Segment Open
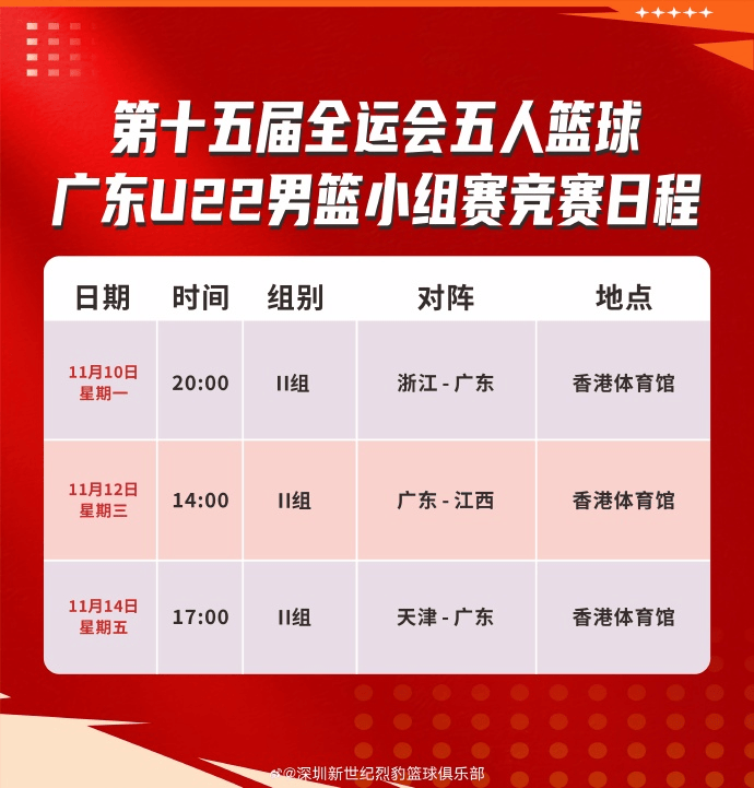 虎扑11月03日讯深圳男篮分享全运会赛程:周鹏、贺希宁将身披广东队战袍。
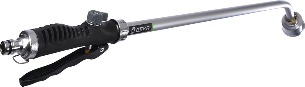 mit Hebelventil · ermöglicht Impulsgießen oder mit betätigter Arretierung eine durchgehende sanfte Bewässerung von Pflanzen · Schutz der Hand vor kaltem Wasserfluss · stufenlose Einstellung der Wassermenge durch Wassermengenregulierung · eingelegter Schmutzfilter verhindert Ablagerungen · Bajonett-Anschluss für bequemen Gießkopfwechsel per Klick, kompatibel mit allen GEKA plus Gießköpfen mit Bajonett-Anschluss · Metallkorpus · Gerätestecker aus verchromtem Messing · Gießkopf der Größe M
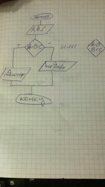 Как вариант. "Или" - разные преподаватели требуют по-разному. Как вариант еще сначала проверить А=В, если нет, то тр. не равн., если да, то проверять А=С, если нет, то тр. не равн., если да(и А=В, и А=С), то тр. равносторонний.
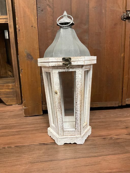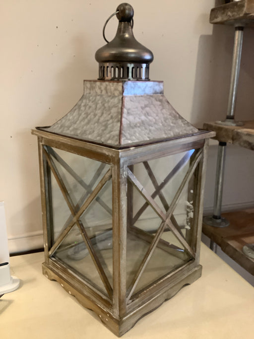 Only 2 left!Distressed wood lantern with X on the sides, glass, and metal roof. Small - 8”x8”x15” large - 11”x11”x24”
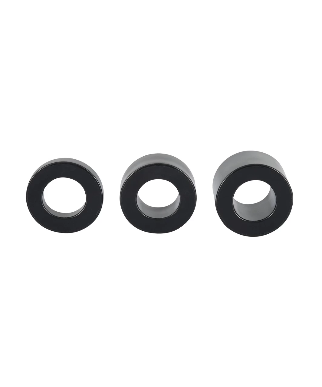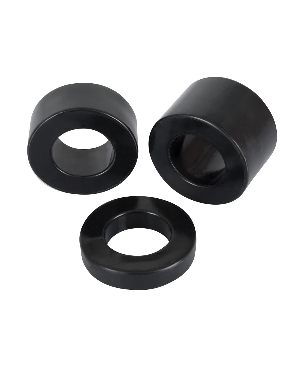 All three black rings have an inner Ø of 2.5 cm (flexible) and a thickness of 1 cm. The first ring is 1 cm wide (high), the second ring is 2 cm wide (high) and the third ring is 3 cm wide (high).
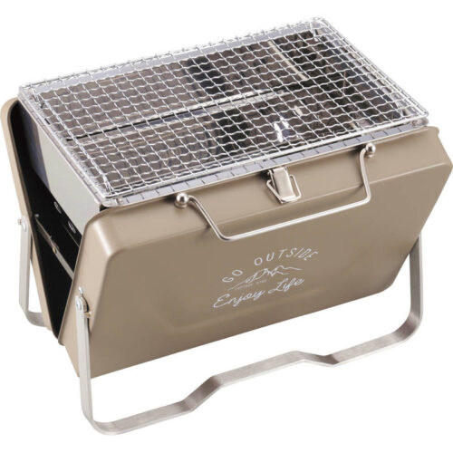 ソロキャンプやお花見に最適な卓上コンパクトグリル。収納時は持ち運びしやすいトランク型になります。
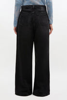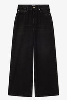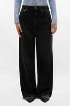 These jeans in black washed denim feature a zip and button closure, 5 pockets, belt loops and a GANNI logo at the back pocket.
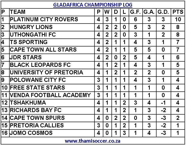 GladAfrica Championship Log 18 September 2021 Posted on 2021-09-182021-09-18 By Thami Mshengu No Comments on GladAfrica Championship Log 18 September 2021 (Visited 25 times, 1 visits today)Share this:TwitterWhatsAppPrintTumblrLinkedInFacebookTelegramRedditPocket Related Motsepe Foundation Championship Tags:Platinum City Rovers
Segment Closed
WHAT IS REQUIRED » Retype the line containing "These jeans in" and all lines after it to the end of the material, exactly as written, leaving out any pictures.

RESPONSE AREA »
 These jeans in black washed denim feature a zip and button closure, 5 pockets, belt loops and a GANNI logo at the back pocket.
 GladAfrica Championship Log 18 September 2021 Posted on 2021-09-182021-09-18 By Thami Mshengu No Comments on GladAfrica Championship Log 18 September 2021 (Visited 25 times, 1 visits today)Share this:TwitterWhatsAppPrintTumblrLinkedInFacebookTelegramRedditPocket Related Motsepe Foundation Championship Tags:Platinum City Rovers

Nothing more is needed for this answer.